For larger changes, it is often worth clearing the entire table and filling it. Here, for example, we clear all mutations from the mutations table, then fill it up again, if possible using a more parsimonious placement of mutations (i.e. a placement that would better explain the observed variation among samples - see the Parsimony tutorial section). This also involves changing the ancestral state at the site if necessary.

# Make a tree sequence with loads of recurrent/back mutations, for testing only
ts = msprime.sim_ancestry(10, sequence_length=100, recombination_rate=0.1, random_seed=123)
ts = msprime.sim_mutations(ts, rate=0.1, random_seed=456)
print("Original ts has", ts.num_mutations, "mutations on", ts.num_trees, "trees")
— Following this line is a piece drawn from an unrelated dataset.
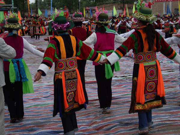 不同地區(qū)的土族舞蹈具有相對獨立性,互助的“安昭”、民和的“納頓”、大通的“踏灰”、同仁的“於菟”、甘肅卓尼的“嘎爾”等是最具代表的民間舞蹈?!鞍舱选保琳Z稱之為“千佼日”,意為“彎曲”或“轉(zhuǎn)圈”,是土族民間喜慶節(jié)日和婚禮儀式中,用于禮贊祈祝的一種圓場群舞,也是一種歌舞結(jié)合、無樂器伴奏的集體舞蹈。一般由男女各半圍成圓圈,由一男子帶領(lǐng),一唱眾和。舞蹈動作簡單質(zhì)樸,舞者兩手由右胯旁起向左上方至右上方劃圓弧,變?yōu)樽笫智谀X前,右手高居于后,似雄鷹翱翔于藍天?!办遁恕蔽杓椿⑽??!办遁恕?,是古代楚人對虎的方言稱謂。每年農(nóng)歷十一月二十日祭山神時,名為於菟的舞者在赤裸的上身繪制虎豹圖案,模仿虎的形象“前端腿跳”舞蹈,達到祀神驅(qū)邪、祈求平安的目的。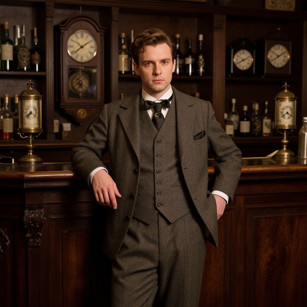 A man dressed in a vintage, dapper outfit stands confidently in an old-fashioned bar or apothecary setting. The environment is filled with antique clocks, bottles, and intricate details, evoking a classic, historical ambiance.

tables = ts.dump_tables()  # Copy the table collection associated with this tree sequence
tables.mutations.clear()  # Clear all mutations in the table collection copy
variant = tskit.Variant(ts)  # Reuse the same Variant object
for tree in ts.trees():
    for site in tree.sites():
        variant.decode(site.id)  # Efficient if ids are sequential
        anc_state, mutations = tree.map_mutations(variant.genotypes, variant.alleles)
        if len(mutations) <  len(site.mutations):
            # Genotypes can be explained with a more parsimonious distribution of mutations
            if anc_state != site.ancestral_state:
                tables.sites[site.id] = tables.sites[site.id].replace(ancestral_state=anc_state)
            for mut in mutations:
                tables.mutations.append(mut.replace(site=site.id))            
        else:
            # Add the original mutations back in (note that parent ids may have changed,
            # so we will need to call compute_mutation_parents at the end)
            for mut in site.mutations:
                tables.mutations.append(mut)
tables.compute_mutation_parents()
tables.compute_mutation_times()
tables.sort()
parsimonious_ts = tables.tree_sequence()

print("Parsimonious ts has", ts.num_mutations - parsimonious_ts.num_mutations, "fewer muts")

# Optional checks
assert ts.num_trees == parsimonious_ts.num_trees
assert ts.num_sites == parsimonious_ts.num_sites
for v1, v2 in zip(ts.variants(), parsimonious_ts.variants()):
    # convert alleles to numpy arrays so we can index into them easily
    alleles1, alleles2 = np.array(v1.alleles), np.array(v2.alleles)
    # Verify the distribution of variation is the same, by comparing the allelic state
    assert np.all(alleles1[v1.genotypes] == alleles2[v2.genotypes])
Original ts has 154 mutations on 71 trees
Parsimonious ts has 33 fewer muts

Note

In the code above we iterate over the trees in the original tree sequence, but make changes to a copy of the tables associated with those trees, modifying the table collection as we go. This is a common idiom.